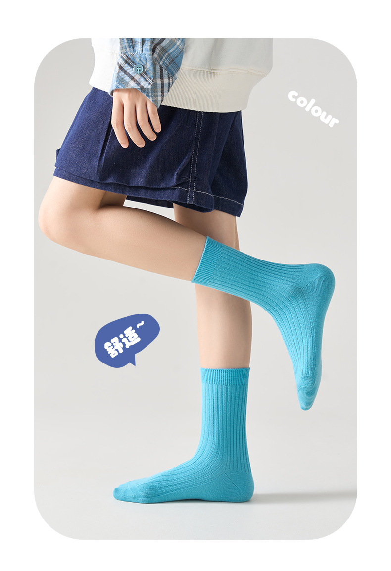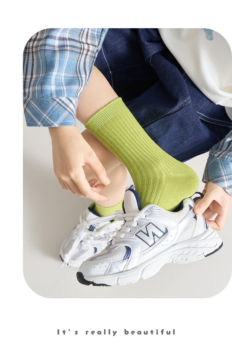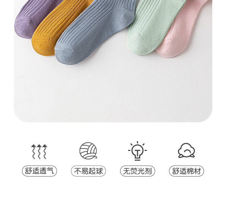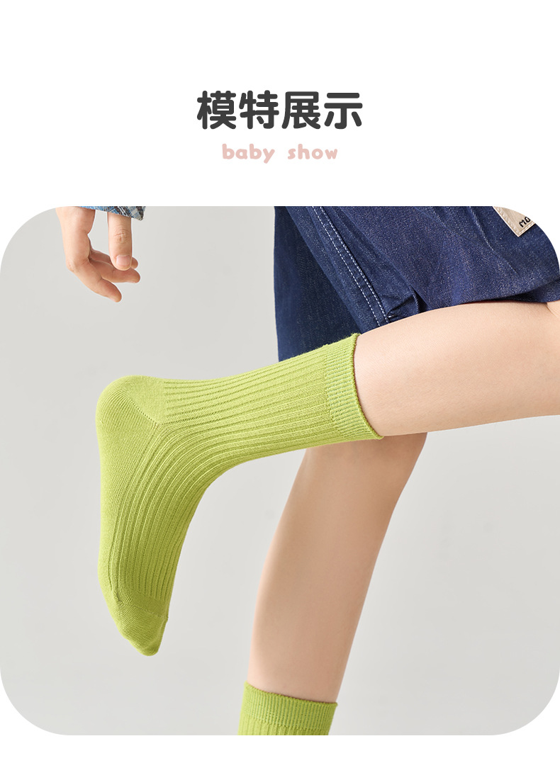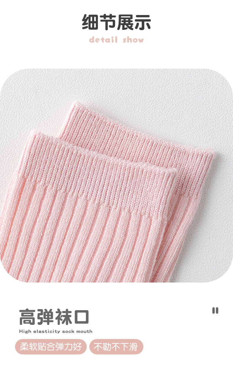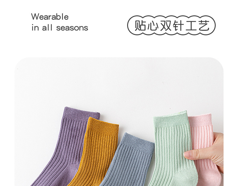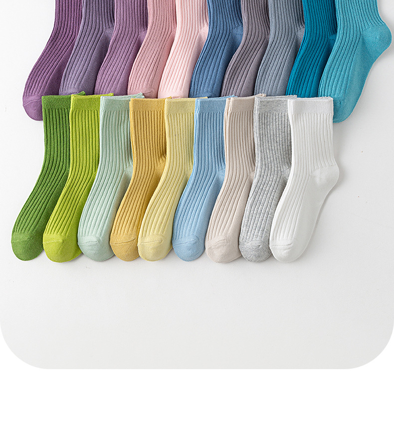儿童袜秋冬纯色中筒袜竖条双针简约百搭中小童棉袜糖果色男女童袜
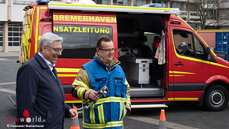 BREMERHAVEN (DEUTSCHLAND): Die Feuerwehr Bremerhaven verfügt ab sofort über eine eigene Drohneneinheit. Der Dezernent der Feuerwehr, Oberbürgermeister Melf Grantz, die Teamleitung Einsatzorganisation bei der Feuerwehr, Tim Bergmann und der Leiter der Drohneneinheit, Daniel Solinski, haben am 23. März 2023 die Drohneneinheit der Öffentlichkeit über die Medienvertreterinnen und Medienvertreter vorgestellt.
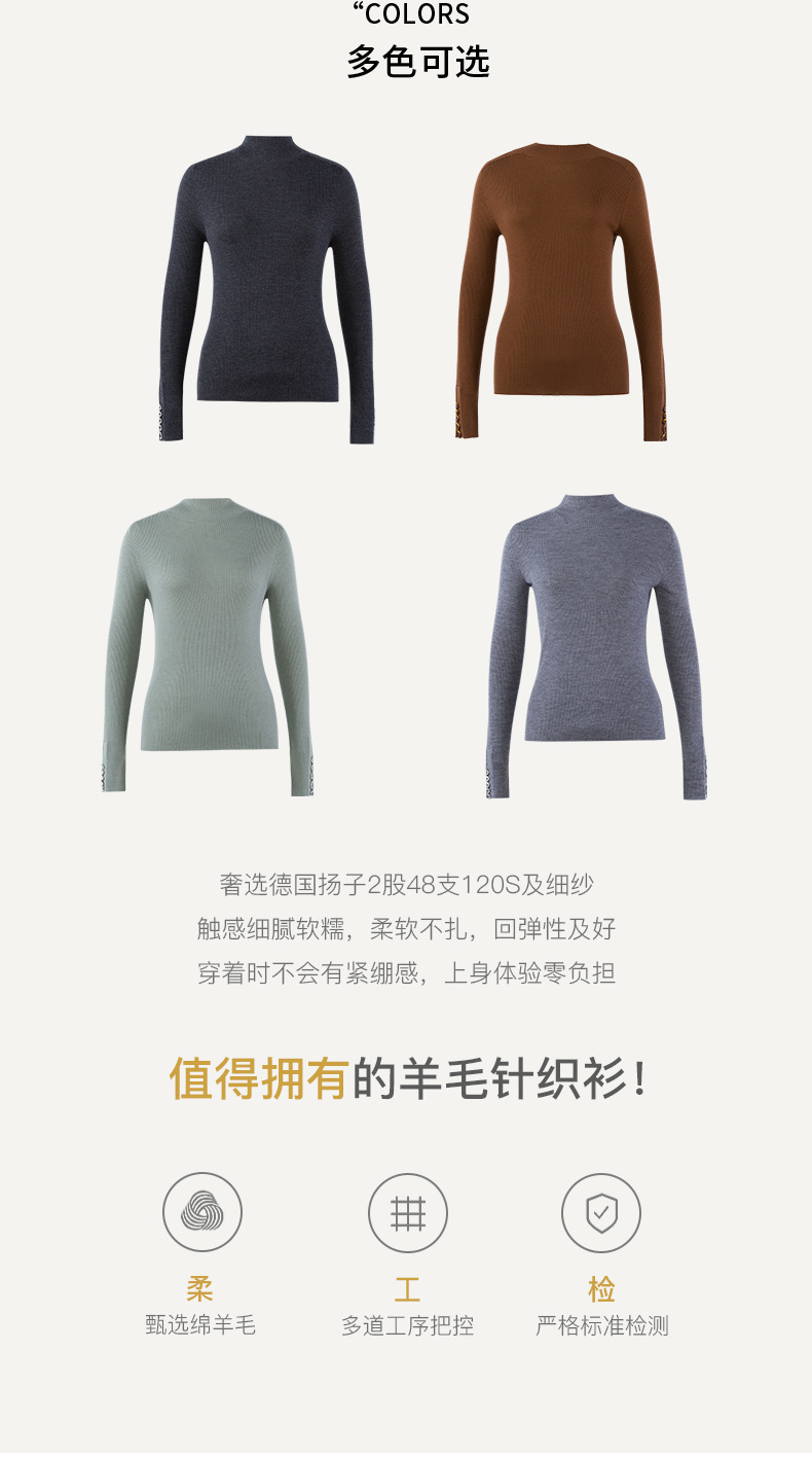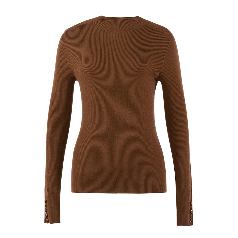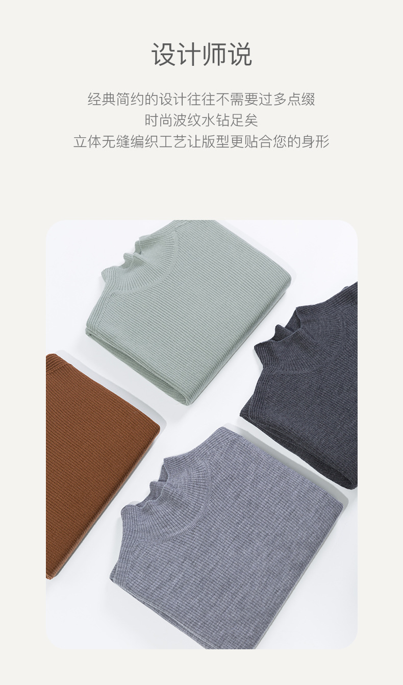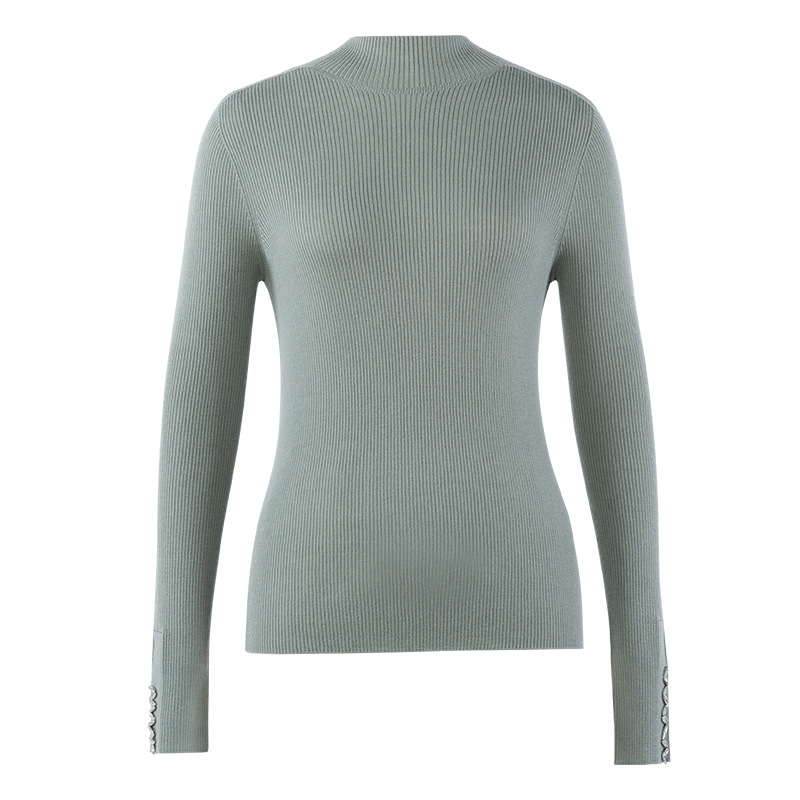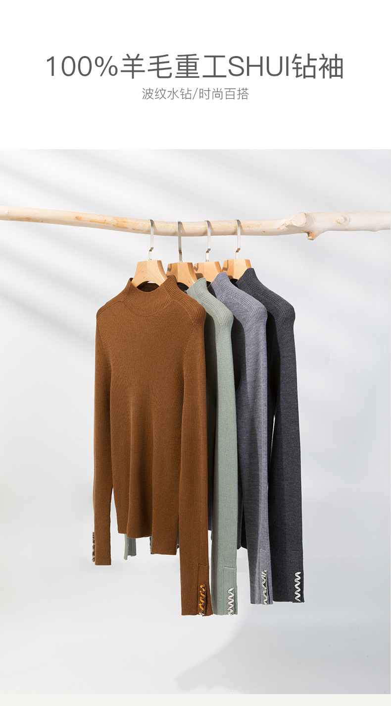 이른 가을 새로운 원활한 18 핀 손톱 라인스톤 모의 높은 목 긴 소매 100% 양모 니트베이스 셔츠 여성 슬림 핏 탑스토어 가기
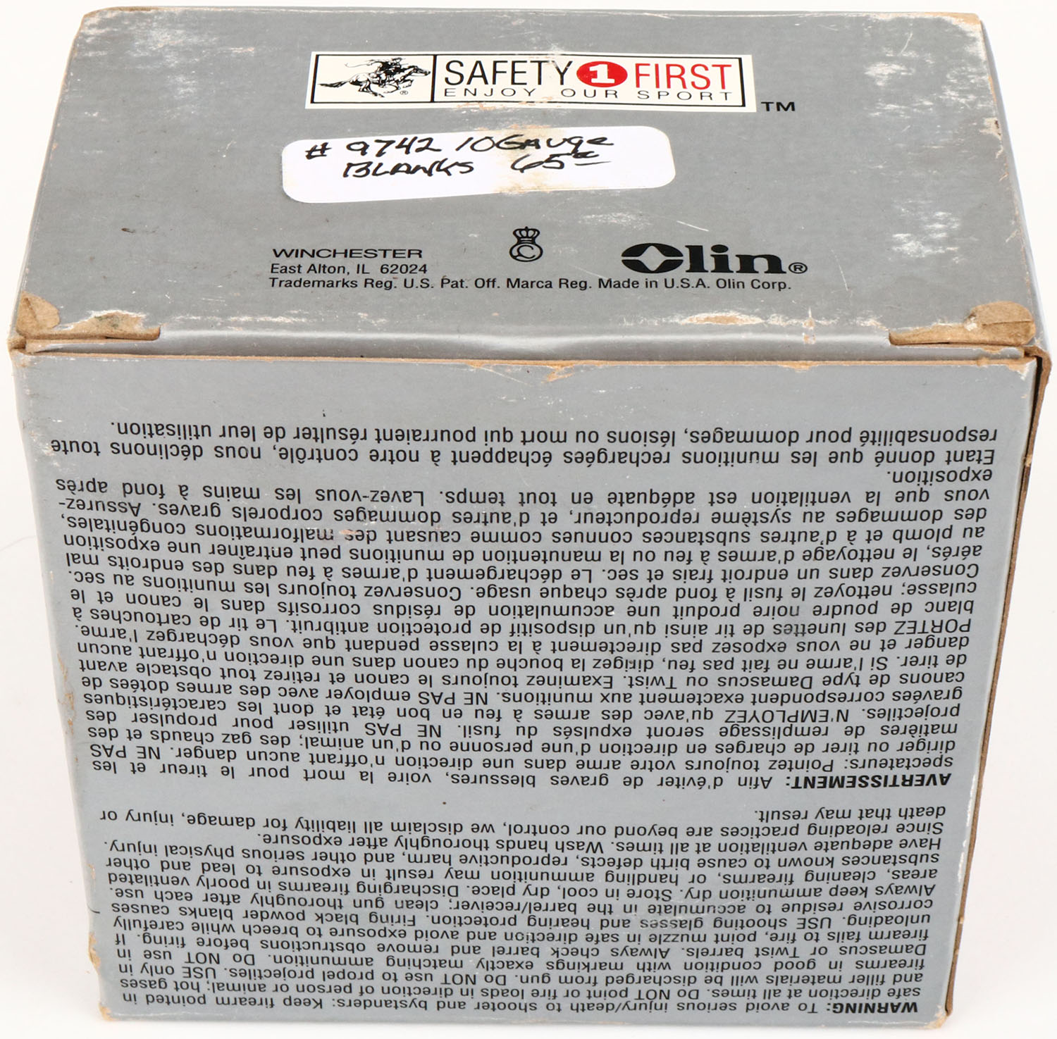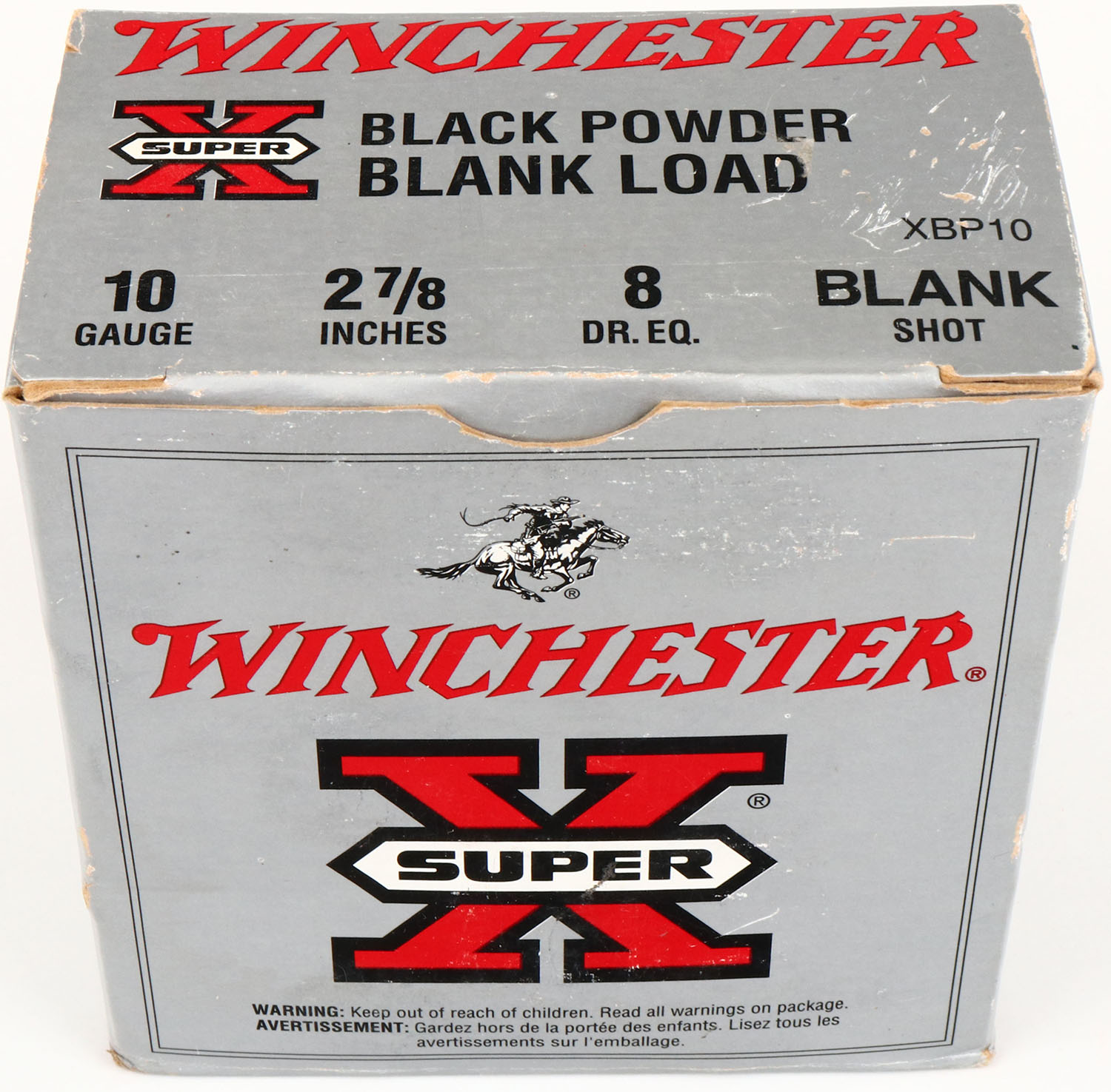 Winchester, Super-X Black Powder, 10ga., 1pc., Full, 2 7/8'', shot size Blank, multi colored box, box has great colors, shells are fair. Grade: Excellent - Value: 10 to 30

Aim of the exercise — Transcribe word for word only the lines from the one with "BREMERHAVEN (DEUTSCHLAND): Die" through the end of the listing; every picture is to be omitted.

Response —
 BREMERHAVEN (DEUTSCHLAND): Die Feuerwehr Bremerhaven verfügt ab sofort über eine eigene Drohneneinheit. Der Dezernent der Feuerwehr, Oberbürgermeister Melf Grantz, die Teamleitung Einsatzorganisation bei der Feuerwehr, Tim Bergmann und der Leiter der Drohneneinheit, Daniel Solinski, haben am 23. März 2023 die Drohneneinheit der Öffentlichkeit über die Medienvertreterinnen und Medienvertreter vorgestellt.
 이른 가을 새로운 원활한 18 핀 손톱 라인스톤 모의 높은 목 긴 소매 100% 양모 니트베이스 셔츠 여성 슬림 핏 탑스토어 가기
 Winchester, Super-X Black Powder, 10ga., 1pc., Full, 2 7/8'', shot size Blank, multi colored box, box has great colors, shells are fair. Grade: Excellent - Value: 10 to 30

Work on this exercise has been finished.